ESPN.com and ESPN The Magazine did a noble profile on famed NBA gambler Haralabos Voulgaris. “Bob” is also a poker player. However, what was of most interest to these eyes were his theories on NBA betting.
There was nothing he asserted that caused disagreement with this grizzled handicapper, who has been selling picks since the late 1980s, and betting them much longer than that.
Bob’s truthful philosophies can actually be expanded both in scope and in pertaining to other sports. Some examples:
Ewing Theory: In short, it says a team is better (especially to bet on) once they rid of their overrated superstar.

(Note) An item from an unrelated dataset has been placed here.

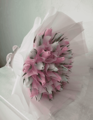 Букеты из рукотворных цветов в последнее время стали серьезными конкурентами, экстравагантным подарком и заменой обычным живым цветам. В сравнении с живыми цветами Вы можете любоваться ими долгое время, они не испортятся за пару дней, не завянут на следующее утро. Им не нужен уход и замена воды каждый день. После того как из них извлечь сладости аккуратно без повреждения бумаги, можно использовать для украшения интерьера, что многие и делают. А еще глядя на них вспомнятся воспоминания о веселом прошедшем празднике или серьезной памятной дате, к которой Вы не безразличны и когда-то весело отметили с друзьями.

We have found this most affective with NFL quarterbacks. However, the shelf life is longer, much longer fading the team the overrated player goes to rather than betting on the team he leaves.
However the prettier sister of the Ewing Theory is our Predictably Unpredictable angle. Perhaps I need to be better at branding my winning philosophies because I’ve interchangeably given it the moniker of, “Box of Chocolates.”

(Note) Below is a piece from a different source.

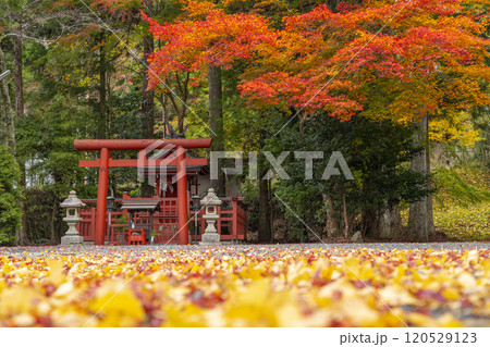 高野山 湯屋谷弁財天社 モミジとイチョウのコントラスト

That is when a teams’ talent exceeds their production, bet on, yes I said on them if they are a big underdog in a slump, but wager against them as a big favorite in a winning streak because betting on inconsistent teams to be well, inconsistent makes a lot of sense and dollars.
Of course such terms are subjective. Every single piece of evidence we use to make a pick is weighted accordingly. Hence there are clearly different levels of leverage we apply when the Box of Chocolates or Ewing Theory manifests.
Quantitative Revolution: The use of computer models, simulations, and statistics to handicap sports. We love that the ESPN article used the magic word in accurately measuring numbers as it applies to gambling: “efficiency.”
No longer must bettors invest tens and tens of thousands of dollars in paying a programmer. The best bare bones stats are on such sites as KenPom.com, NBA.com with their plus/minus stats, FootballOutsiders.com, BBstate.com, FoxSheets.com, and ESPN.com’s John Hollinger just to tip the iceberg.
Just like a chainsaw, when used properly, such aforesaid tools can save hours of work when a competent person is utilizing the tool. But disaster will strike when an unskilled person has access.
Perhaps most compelling was his admittance that 2012-13 was in his exact words, “One of the more difficult years.” This is not so ironic because one of our recent articles focused on how our internal audit concluded that technology is best when it corroborates time-proven techniques such as spot play, situational analysis, and injuries among many other factors.
Perhaps Haralabos Voulgaris will soon make the same unearthing.